We can only expect the decline of RIAA member companies will lead to less advertising revenue.
Which is less important anyway since top100 gives RIAA member companies advertising gratis, even as they persecute filesharing. There's the irony.
filesharing has done nothing to break the hold of the major labels on the promotion and marketing of musical acts. As long as they can hold on to those, they will survive, and eventually they will figure out how to take advantage of the internet to make loads of money.
Indeed. Filesharing isn't going to break major label hold on our minds any more than sharing copies of Microsoft software was going to break that company's hold on our computers.
In the end, we'll have advertisements embedded into the hit singles, as part of the music and lyrics.
Yep, and if we're willing to look to other cultures, it's probably already happening, see http://gondwanaland.com/mlog/2008/02/23/copypop/
TPB is a music (and other media) discovery service to the extent people look at its "top" pages.
Last.fm is of course much more interesting as a music discovery service. For those with concerns like the author of the post, check out http://libre.fm/
But if one starts thinking about it, it has the ironic effect that TPB is a driving force of consolidating the market power of the major labels rather than driving forward any new music. The conclusion has to be that "pirates" are just as little resistant to the major label marketing as any other person. Even though there are thousands and thousands of artists out there that want their music to be shared and listened to, they are widely and effectively ignored by the masses. In fact, one might say that TPB and the likes are countering the development of new markets, simply because the gap between the heavily marketed music and 'the others' is wider than ever, when the bare naked truth about peoples taste in music is put into such a system.
Indeed. So obvious, so seldom stated. I made it point 0 of http://www.slideshare.net/mlinksva/five-myths-about-the-future-of-culture-and-the-commons-presentation
There's no need to create new licenses to have CC-like easy-to-understand software licenses. CC has experimented with "human readable" deeds for a few software licenses and could work more with groups like FSF and OSI to do more and improve on those.

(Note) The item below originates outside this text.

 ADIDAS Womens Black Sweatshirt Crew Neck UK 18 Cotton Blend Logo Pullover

Noncommercial public licensing failed in software for good reasons, and it would be really dumb to introduce it at this point. Many people complain about NC culture licenses, but for software, they are much worse for a variety of reasons that I'll write about eventually, but see some of the bullets at http://www.slideshare.net/mlinksva/how-far-behind-free-software-is-free-culture-presentation
There are lots of poor software licenses out there, but the current generation of ones that are widely used and had a ton of attention during drafting are excellent, ie Apache2 and A/L/GPL3. To the extent they are long it is because they need to be (excepting preambles perhaps). CC licenses are also pretty long.

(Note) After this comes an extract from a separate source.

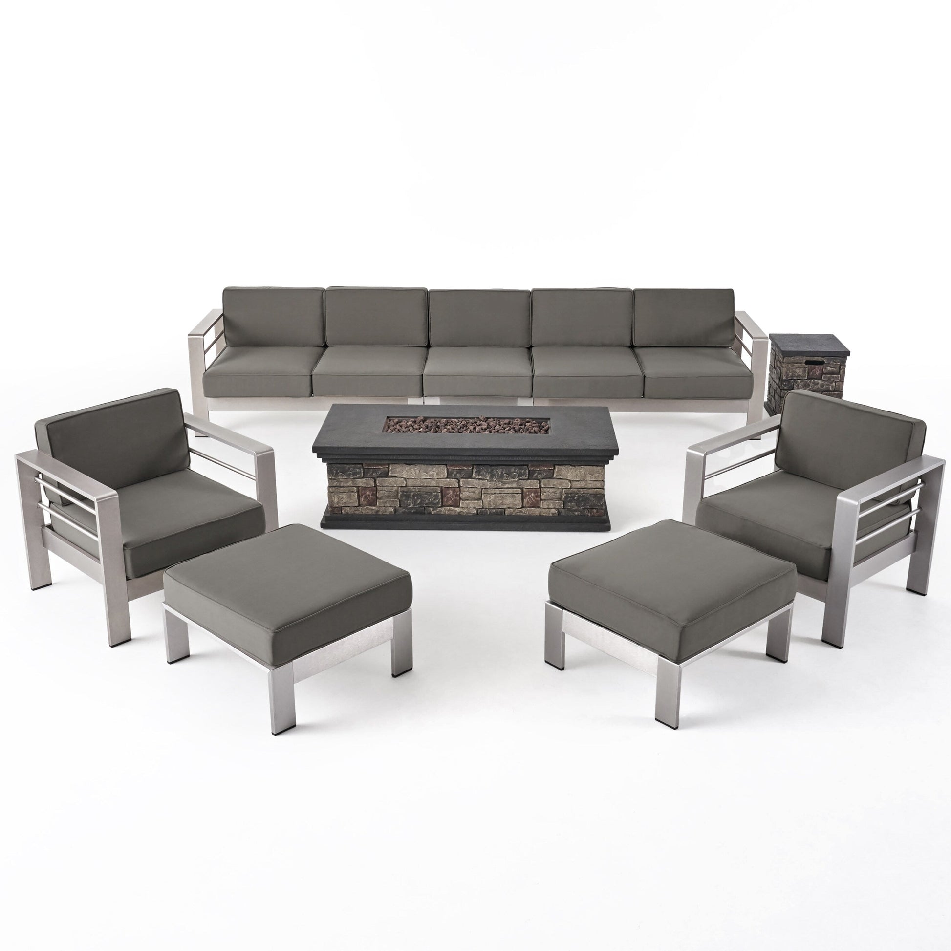 Host the perfect summer party that will last well into the evening with the help of its warm firepit centerpiece and ample seating. Featuring lightweight aluminum and plush water-resistant cushions, our seven-seater set is made for both assuring durability and impressive comfort that can be arranged and rearranged around a cozy firepit centerpiece. With its incredible hosting capabilities, this set is made to adapt to any outdoor space, offering an intimacy that will have you creating long-lasting memories under the starry sky for years to come.

And I didn't mean to imply it is either/or, either.
I suspect that building voluntary commons (in software and culture) is probably the most effective means of advancing long term reform -- they demonstrate that restrictive copyright is not necessary for innovation, creativity, etc.
We in the non-profit licensing sector of the FLOSS world have a duty to the community of FLOSS users and programmers to defend their software freedom. I try to make every decision, on licensing policy (or, indeed, any issue) with that goal in mind.
Of course CC doesn't do software licenses and some of its licenses are only semi-free by the standards of free as in (software) freedom as applied to culture, but the overall lesson of the responsibility of license stewards applies.
"Only the hypocrite is really rotten to the core." -- Hannah Arendt.